● **Problem**:
From the line below containing "Botas de fútbol" to the final line, print each line exactly as written. No pictures belong in the copy.

● **Data**:
══════════
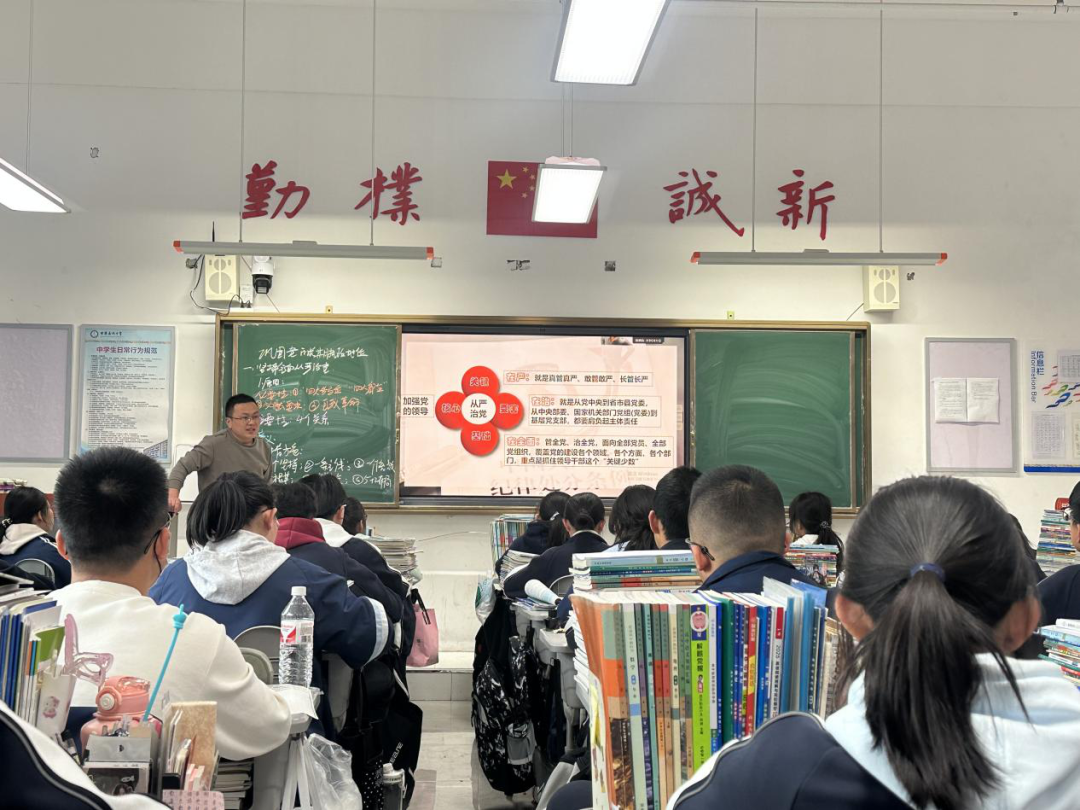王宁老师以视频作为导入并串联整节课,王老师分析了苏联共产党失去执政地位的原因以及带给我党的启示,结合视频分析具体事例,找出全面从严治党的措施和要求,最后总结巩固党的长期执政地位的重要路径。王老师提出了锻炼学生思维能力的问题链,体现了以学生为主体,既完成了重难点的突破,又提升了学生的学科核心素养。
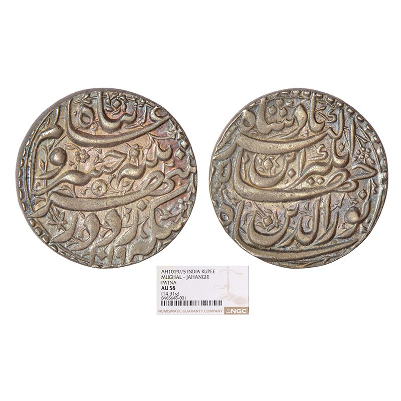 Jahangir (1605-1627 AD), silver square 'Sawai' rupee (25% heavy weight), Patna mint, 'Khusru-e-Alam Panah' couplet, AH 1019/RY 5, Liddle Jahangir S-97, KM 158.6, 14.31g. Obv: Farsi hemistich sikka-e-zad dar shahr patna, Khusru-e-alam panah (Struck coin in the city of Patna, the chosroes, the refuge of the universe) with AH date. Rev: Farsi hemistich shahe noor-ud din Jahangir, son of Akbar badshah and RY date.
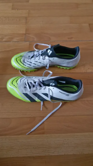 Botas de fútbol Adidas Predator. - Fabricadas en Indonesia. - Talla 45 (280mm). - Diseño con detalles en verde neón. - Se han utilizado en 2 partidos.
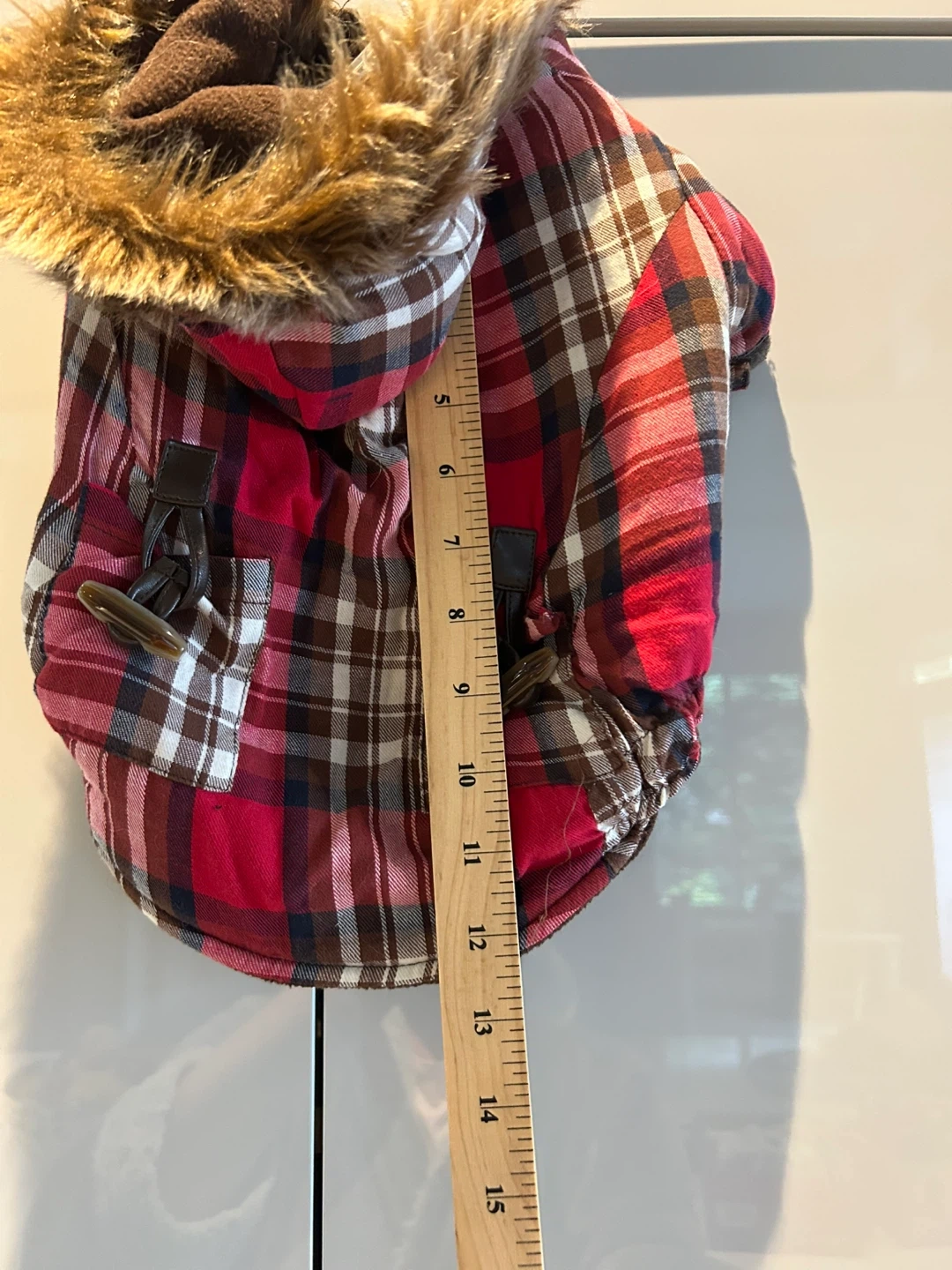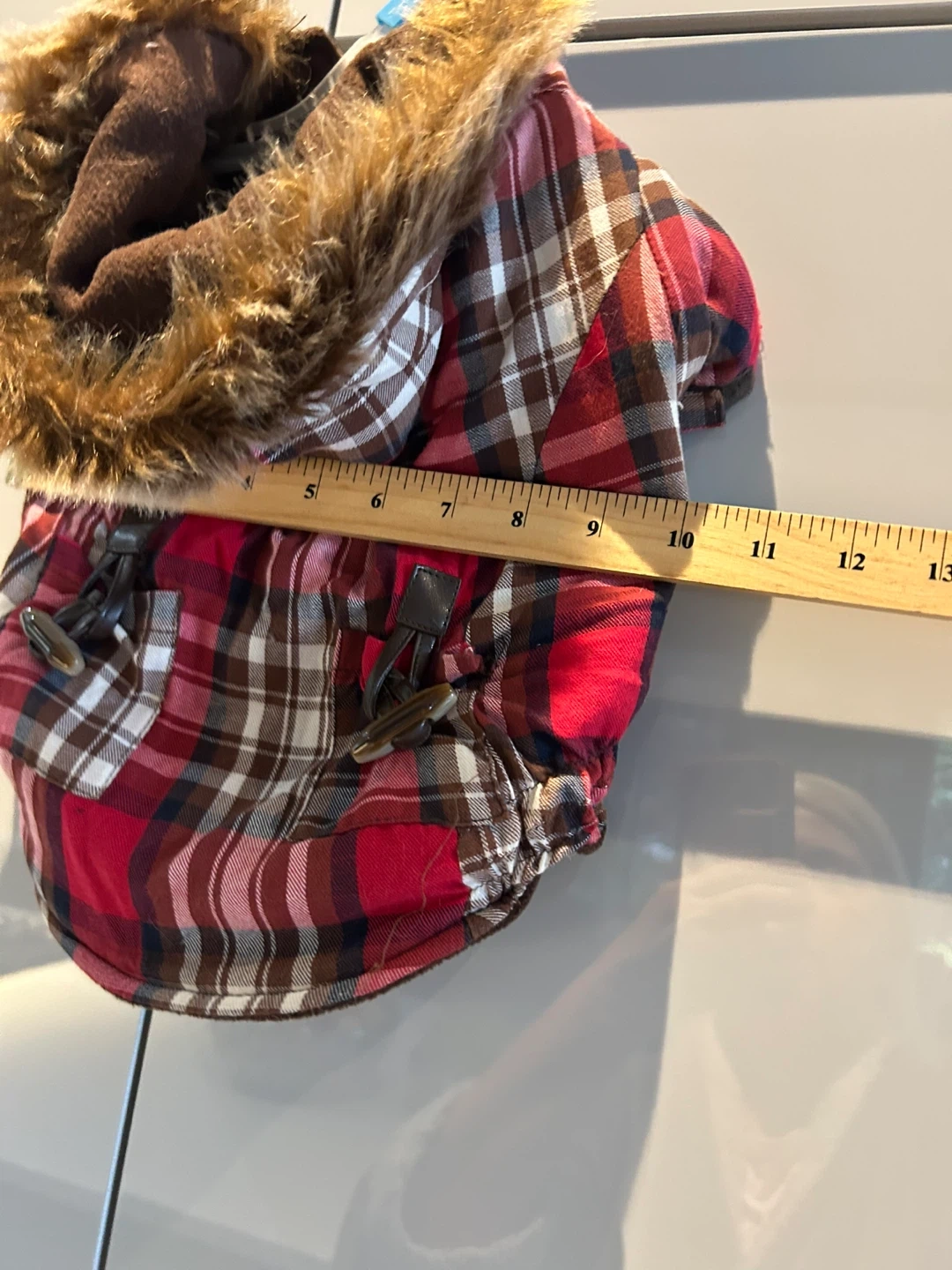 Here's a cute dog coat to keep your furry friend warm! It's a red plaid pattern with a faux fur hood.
══════════
● **Task result**:
 Botas de fútbol Adidas Predator. - Fabricadas en Indonesia. - Talla 45 (280mm). - Diseño con detalles en verde neón. - Se han utilizado en 2 partidos.
 Here's a cute dog coat to keep your furry friend warm! It's a red plaid pattern with a faux fur hood.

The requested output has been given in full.